Here, There and Everywhere

Posts tagged ‘Mark’

Land Minds – Part 2

Saint Catherine’s Baby – Stories (Excerpt) by Gabriel Constans

Land Minds – Part 2

Late that afternoon the sun caught him breathing heavily and glared questioningly into his fearful eyes just before he disappeared into the woods towards town. He carried all he owned in a small leather shoulder bag flapping loosely against his spine.

Instead of going to the bank or store, as was his custom, he found himself standing precariously at the edge of the sultry blacktop being lured by an invisible seductress called hope. When the occasional car or truck sliced through the air with its metallic precision, he reluctantly lifted his thumb skyward. He wasn’t sure if he could be seen. He felt invisible.
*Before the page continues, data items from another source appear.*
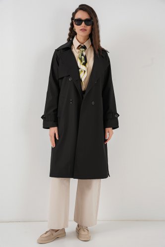 • 5918 Kruvaze Yaka Trençkot Siyah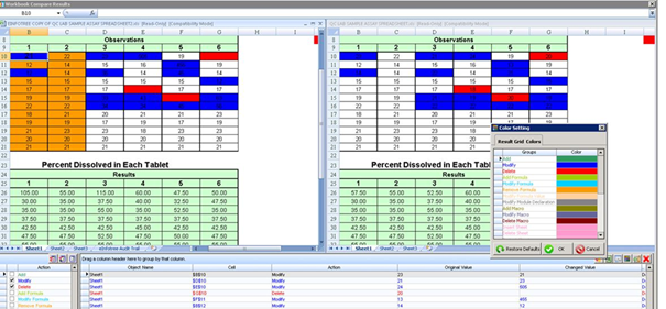 • 系统可对不同版本的Excel进行对比分析,并对差异性进行颜色标记。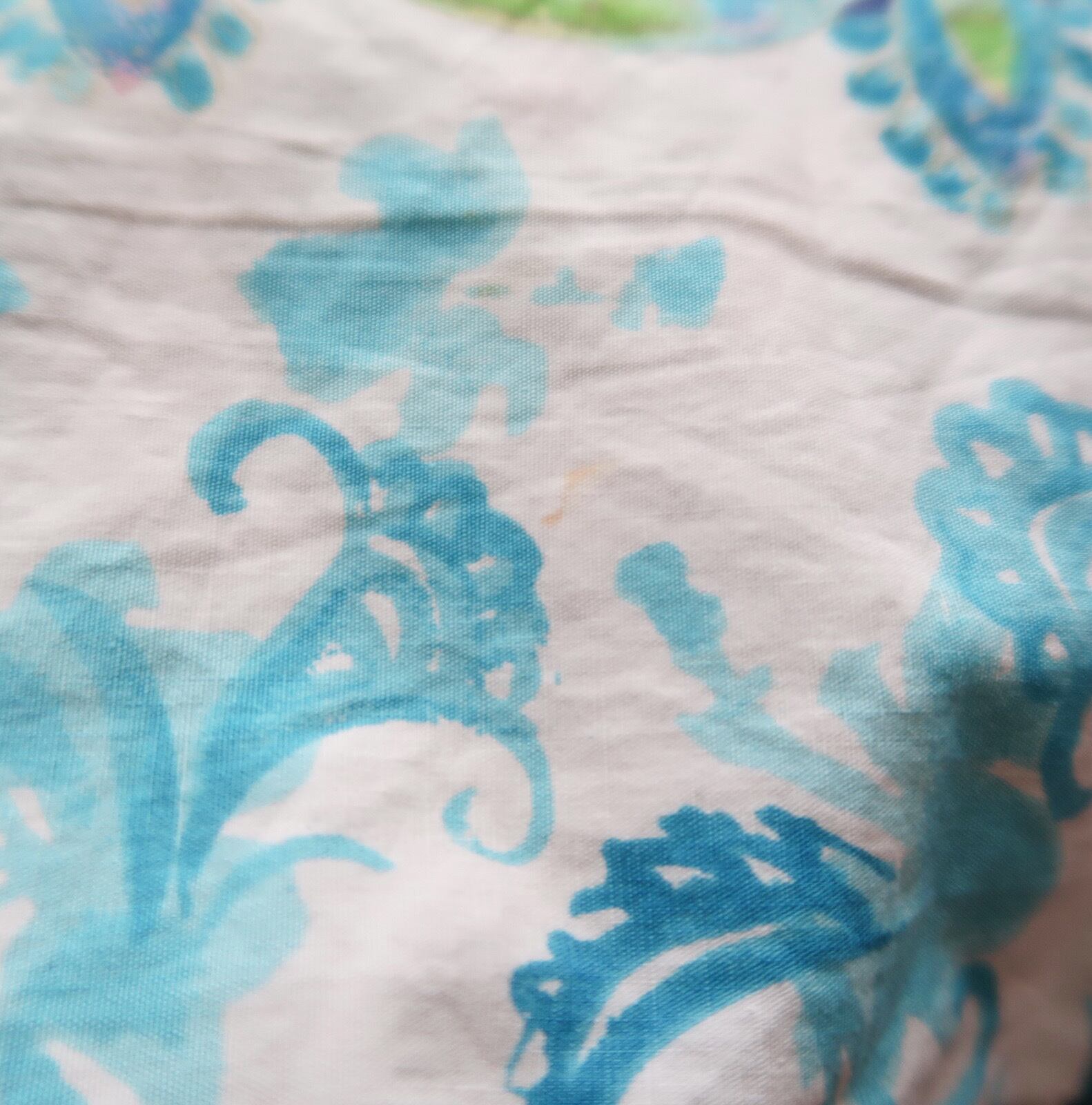 ホワイトベースにブルー系のこの年代らしい花柄のテキスタイルのノベルティープリントが美しい。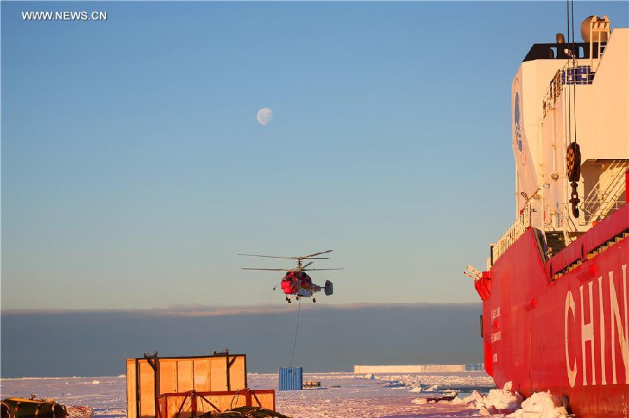 Photo taken on Dec. 3, 2014 shows a helicopter hauling a box near the Chinese Icebreaker Xuelong, or Snow Dragon, which carries a Chinese scientific expedition team. The team is preparing to head for the Antarctic Zhongshan Station, a Chinese scientific research base in Antarctica. (Xinhua/Bai Yang) |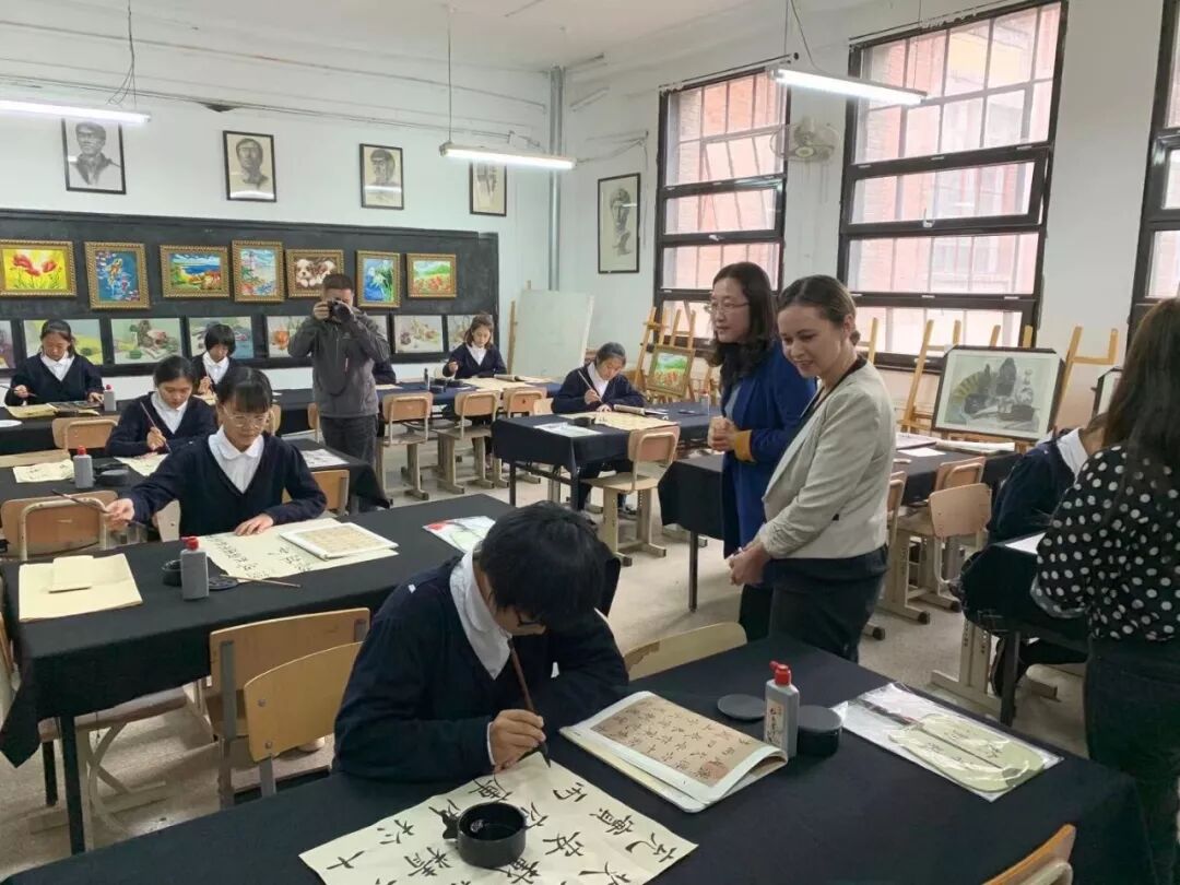 在中方校领导的带领下,新西兰校长团分别来到学校历史博物馆和奖杯收藏室进行参观。随后,大家继续对同泽女中的日常教学进行观摩学习。在学校的音乐、舞蹈、跆拳道和国画教室进行参观时,新西兰校长们深入了解中方学校的教育内容和授课方式。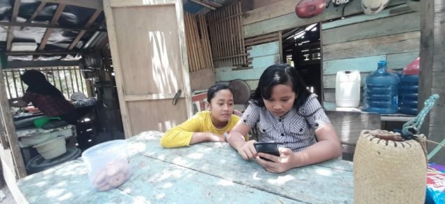 “Yang sulit anak-anak berteduh di bawah pohon sawit. Kalau mencari jaringan ke Desa Apung itu kejauhan,” paparnya.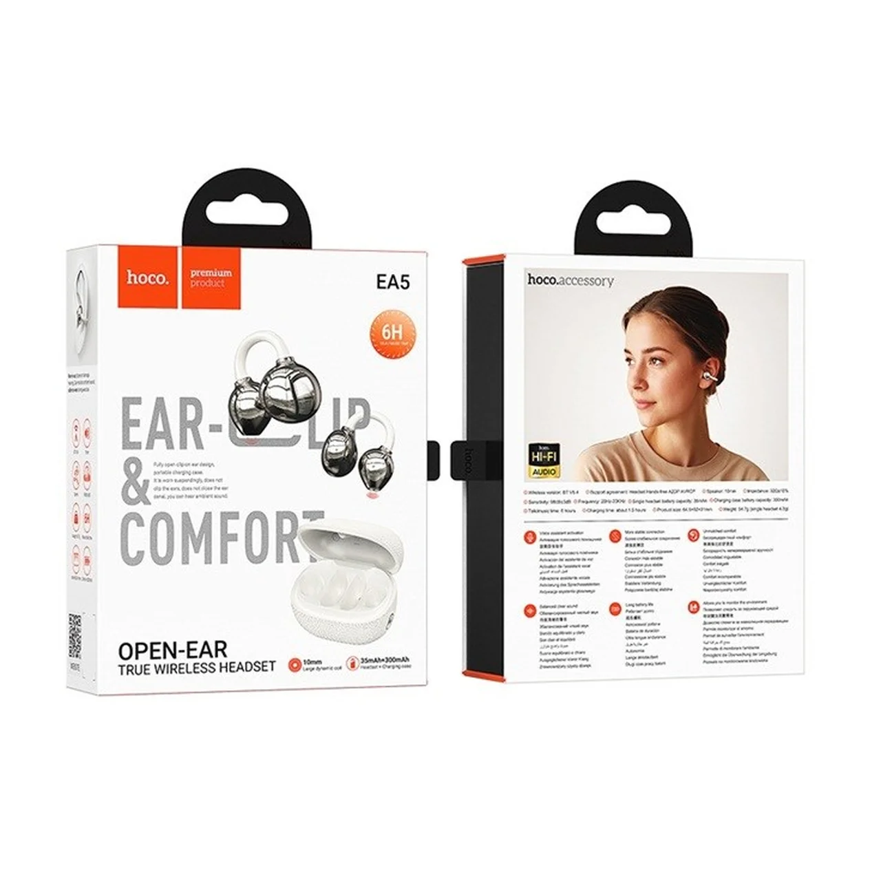 Valged juhtmevabad avatud disainiga Bluetooth kõrvaklapid Hoco EA5 DUKE III pakuvad mugavat kandmist ja kuni 6 tundi kõneaega laadimiskarbi abil.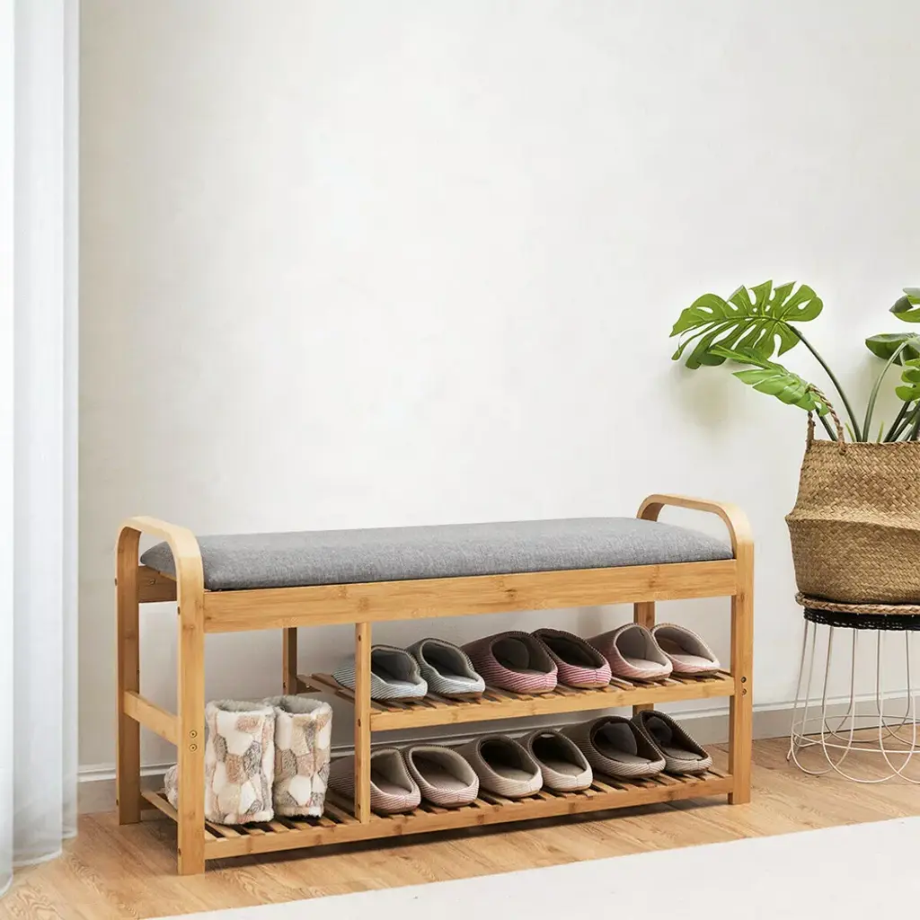 Costway Shoe Rack Entryway 3-tier Bamboo Shoe Bench Organizer W/cushion Modern Stool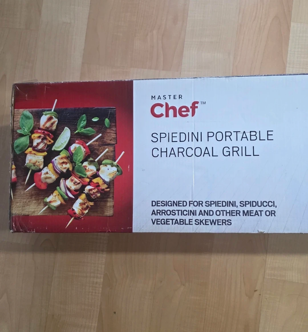 This Master Chef portable charcoal grill is designed for spiedini, spiducci, arrosticini, and other meat or vegetable skewers. It features foldable legs for easy storage and transportation. Perfect for outdoor gatherings and picnics!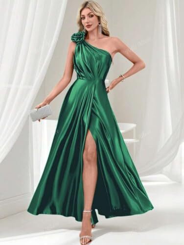Women's Maxi One-Shoulder Satin Gown, Royal and 50 similar items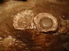 Streams and true springs are absent, but there are hundreds of basins, varying from 1 to 50 feet (0.30 to 15.24 m) in diameter, and from 6 inches (150 mm) to 15 feet (4.6 m) in depth. The water in them contains carbonate of lime, which often forms concretions, called pearls, eggs, and snowballs, according to their size. On the fracture these spherical growths are found to be radiated in structure.[5]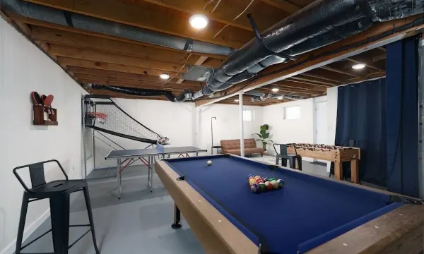 If you want more interactive fun, head down to the basement to find our newly renovated Gameroom! Shoot some hoops, play pool, ping pong, or get competitive at the foosball table. Should you need to throw a load of clothes to wash, you are more than welcome to utilize the laundry room also located down here.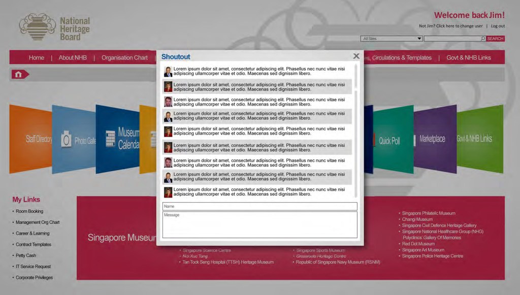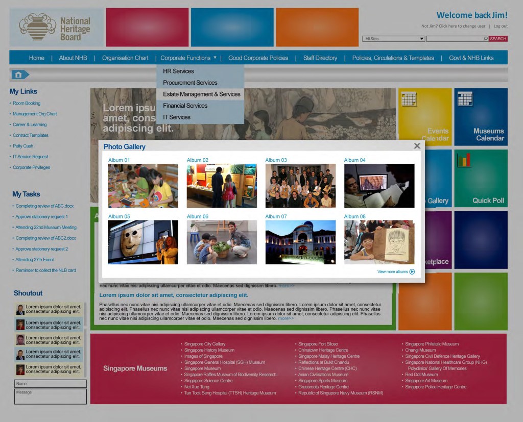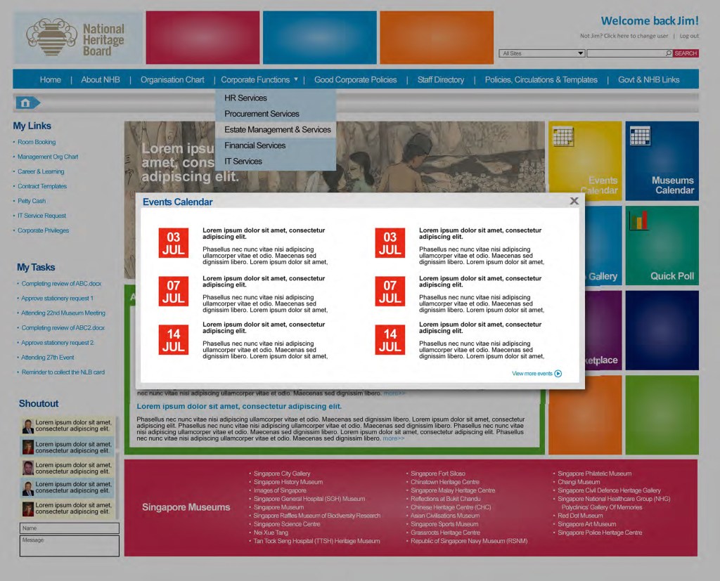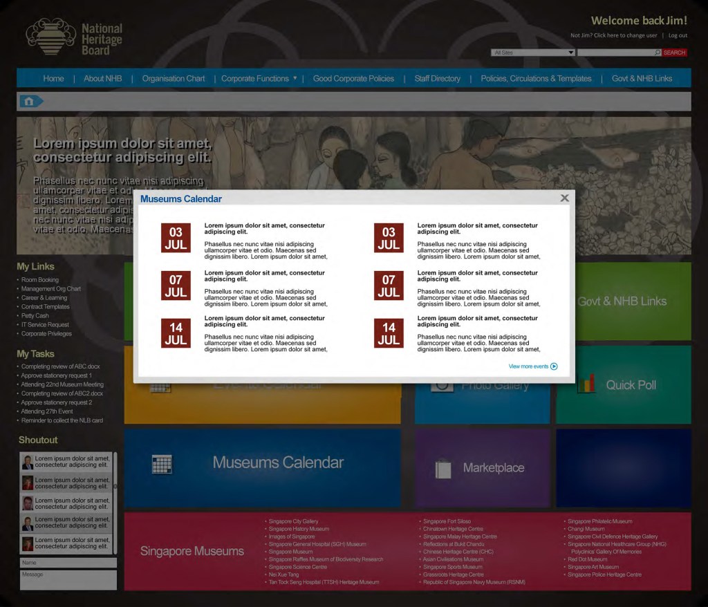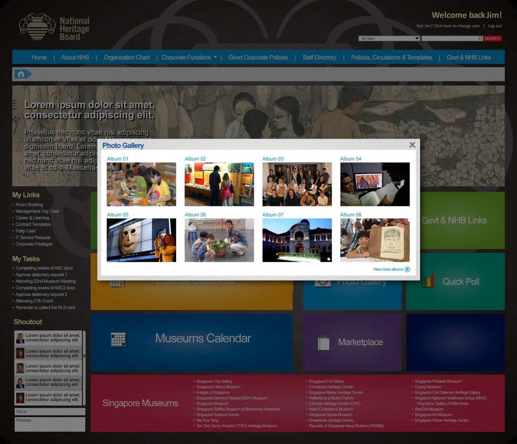 User interface and visual design concepts for Singapore’s National Heritage Board intranet portal

The town’s eyes glistened with surprise, from Jesse down at the corner gas station, to Stella at the store, who promptly hollered at Frank to come outside, “and see for your self!”

Mark heard their thoughts rattle and hum before he saw them staring. Their investigations crawled up his hairy legs and under his cotton shirt like a voyeuristic spider. He slowly turned counter-clockwise and took in the town and its’ citizens, as if he had just arrived from Mars.

Frank waved. Jesse nodded. Mark noted their movements and felt his barrel chest rise and fall. His glasses slid down his sweaty nose, as his eyelids drooped and his bones sunk into his earthbound feet. The receiving instruments in his ears vibrated with the trees’ caution. “Don’t go! They’re animals . . . human animals . . . savages . . . whores of power.”

A silver Honda Civic had slowed and come to a stop about a meter from Mark’s khaki pants before he sensed its presence and opened his far-sighted eyes. His pupils adjusted to the light bouncing off the chrome fender as he realized the car was waiting for him to acknowledge its existence. Warily, he moved towards the open window on the passenger side, bent his knobby knees and slightly bulging waist and peered in to the interior.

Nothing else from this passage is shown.